In the example above, the issue must be resolved by fixing the connectivity between the pod and the database. Common causes include:

A misconfigured connection string (for example, wrong host, port, username, or password).
The database may be under resource pressure (for example, CPU or memory exhaustion), which can prevent it from accepting new connections.

Addressing these problems will allow the pod to pass its readiness probe and become ready to serve traffic.

Scenario 3: Pod running and ready, but application exhibits unexpected behaviour

Problem

In some cases, a pod may be in the Running state and marked as Ready, but the application inside still shows unexpected or faulty behaviour.
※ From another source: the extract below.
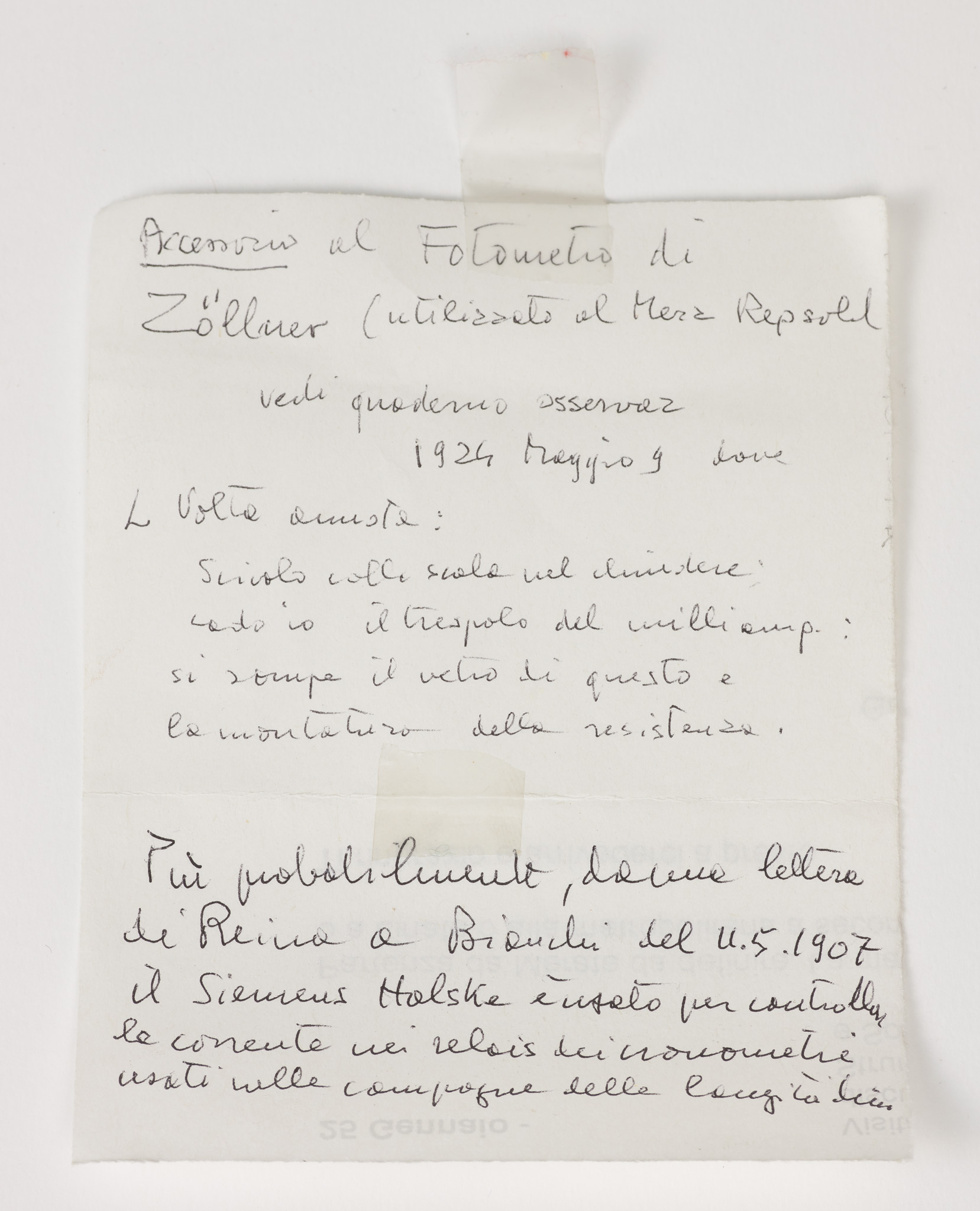 Note di Pietro Broglia.Milliamperometro di precisione Siemens-Halske, probabilmente serviva per controllare la corrente di alimentazione dei relais dei cronometri registratori usati nelle campagne di longitudine [CS 11.5.1907 lettera di Reina a Bianchi]. Usato sicuramente per controllare la corrente della lampada che dà la stellina artificiale nel fotometro di Zollner applicato al Merz-Repsold [L.Volta, 9.5.1924 quaderno osserv.] e successivamente nel fotometro visuale a cuneo, costruito da C. Milani.

This indicates that the pod has passed its liveness and readiness probes, but the underlying issue lies within the application itself.

Troubleshooting

To begin diagnosing the issue, run the following command:

 kubectl get pods –n cluedin

Sample output:

 NAME                              READY STATUS   RESTARTS AGE
 ----                              ----- ------   -------- ---
 cluedin-ui-7d9f8d7c9d-abc12       1/1   Running  0        5m

Such output usually means that the problem is not with Kubernetes itself, but with the application inside the pod, or with network access between the user and the pod.

Even if a pod appears healthy, the application inside might be failing silently. To check for hidden errors, review the pod logs by running the following command:

 kubectl logs <pod name> -n cluedin

Example (for a pod named cluedin-gql-97cb77cd6-d5rcz):

 kubectl logs cluedin-gql-97cb77cd6-d5rcz -n cluedin 

Sample output:

 14:48:32.145Z ERROR CluedIn.UI.GQL/CluedIn.UI.GQL: 500: Internal Server Error
 err: {
 "message": "500: Internal Server Error",
 "locations": [
 {
 "line": 109,
 "column": 7
 }
 ],
 "path": [
 "inbound",
 "dataSource",
 connectorConfiguration
 ],
 "extensions": {
 "code": "INTERNAL_SERVER_ERROR",
 "response": {
 "url": "http://cluedin-server:9000/api/v1/configuration/providers?id=FA871776-60CA-49A6-8433-42BEE288400E",
 "status": 500,
 "statusText": "Internal Server Error",
 "body": "{\"type\":\"https://tools.ietf.org/html/rfc7231#section-6.6.1\",\"title\":\"An error occurred while processing your request.\",\"status\":500,\"detail\":\"Our job server is down and not accepting new providers for now\",\"traceId\":\"00-cc0351878f70a5edc267cdca4409b4b9-129d08969588f435-00\"}"
 }
 }
 }

If you want to read the log in a more convenient way, you can download it to a file and open it with any file reader.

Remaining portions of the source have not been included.